BEGIN

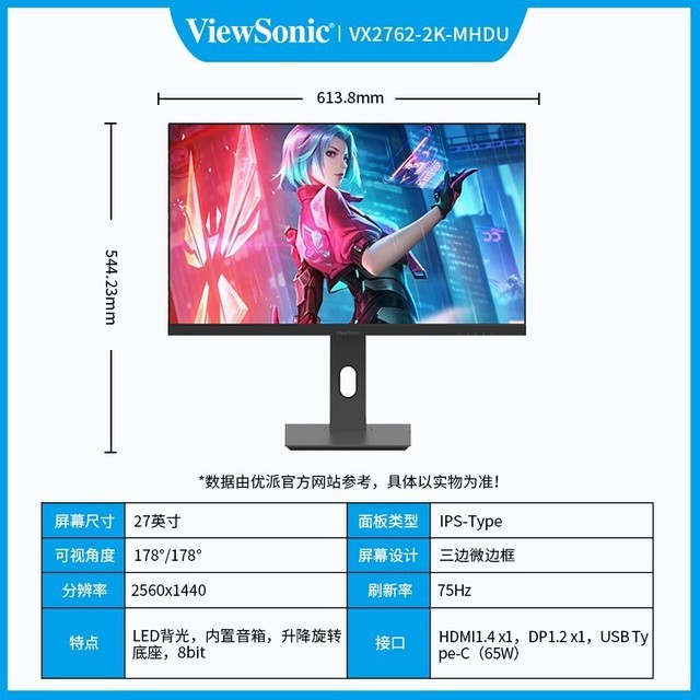 优派 VX2762 27英寸2K高清显示器 8bit 高色域 可壁挂 微边框广视角 家用办公 台式电脑显示屏幕【typc/内置音箱】
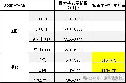 下图是今天大A的3个ETF和一个指数,以及港股的腾讯、美团和宁德时代的最大持仓量范围以及窝轮牛熊分布范围,也就是8月的资金筹码分布,黄色的表示跟上个交易日有变动。
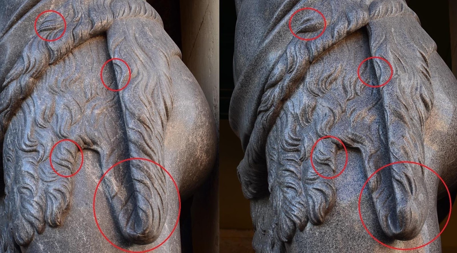 Я думал это знают все, но, попадаются материалы, где исследователи до сих пор думают, что они абсолютно одинаковые, а поэтому делается вывод, что они сделаны по какой-то супер технологии машинного копирования гигантских изделий из гранита или отлиты в одной форме. Но, атланты идентичны лишь на первый взгляд. Но, если приглядеться к деталям, то видны различия.
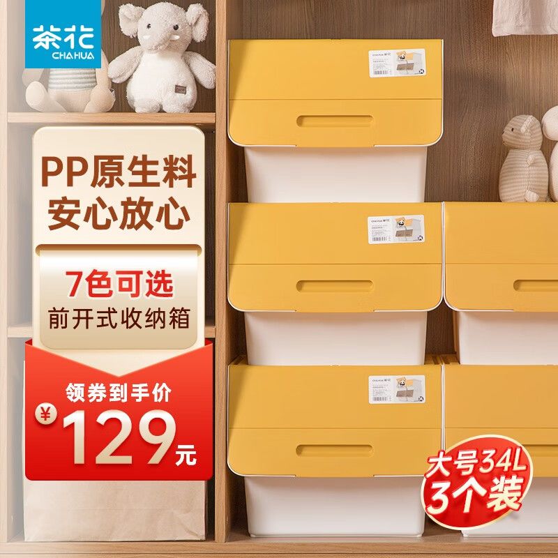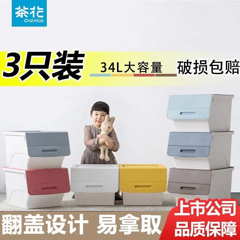 茶花收纳箱翻盖家用儿童玩具斜口收纳箱衣物塑料储物整理箱大容量
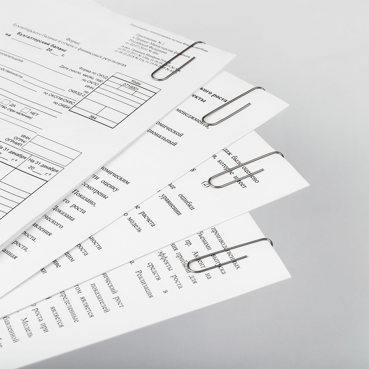 Гладкие скрепки надёжно скрепляют листы, не пачкая и не повреждая бумагу. Упакованы в ПВХ-коробку по 50 штук.
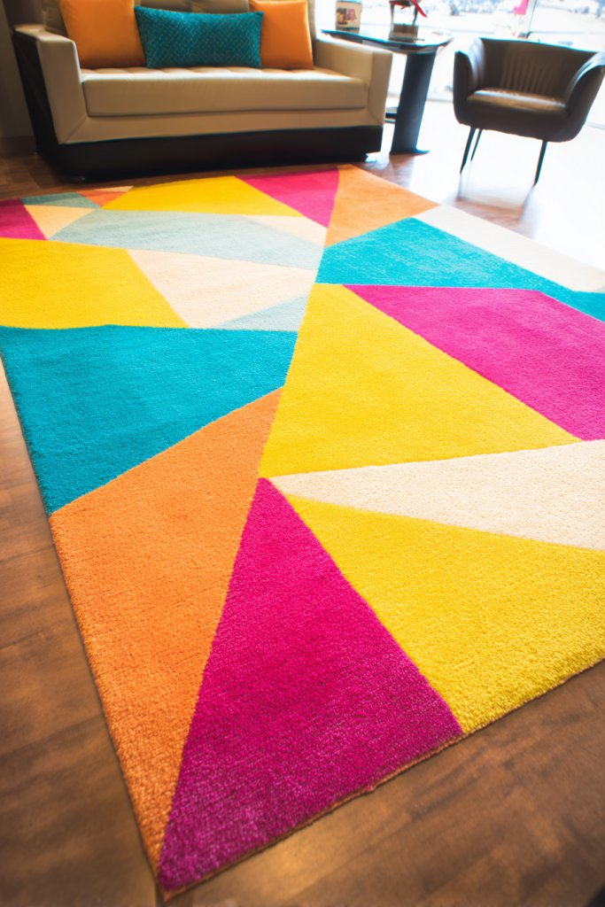 Imagine a rug with bold triangles in shades of coral, teal, and mustard spread across your floor. The sharp lines create a modern, dynamic feel, making the whole room look lively. Soft textures underfoot add comfort, while the vibrant colors energize your space. It’s like a piece of art under your feet.

END

Return only the lines running from the top of the data to the line that holds "Гладкие скрепки надёжно". Include both of those lines, but skip the pictures.

 优派 VX2762 27英寸2K高清显示器 8bit 高色域 可壁挂 微边框广视角 家用办公 台式电脑显示屏幕【typc/内置音箱】
 下图是今天大A的3个ETF和一个指数,以及港股的腾讯、美团和宁德时代的最大持仓量范围以及窝轮牛熊分布范围,也就是8月的资金筹码分布,黄色的表示跟上个交易日有变动。
 Я думал это знают все, но, попадаются материалы, где исследователи до сих пор думают, что они абсолютно одинаковые, а поэтому делается вывод, что они сделаны по какой-то супер технологии машинного копирования гигантских изделий из гранита или отлиты в одной форме. Но, атланты идентичны лишь на первый взгляд. Но, если приглядеться к деталям, то видны различия.
 茶花收纳箱翻盖家用儿童玩具斜口收纳箱衣物塑料储物整理箱大容量
 Гладкие скрепки надёжно скрепляют листы, не пачкая и не повреждая бумагу. Упакованы в ПВХ-коробку по 50 штук.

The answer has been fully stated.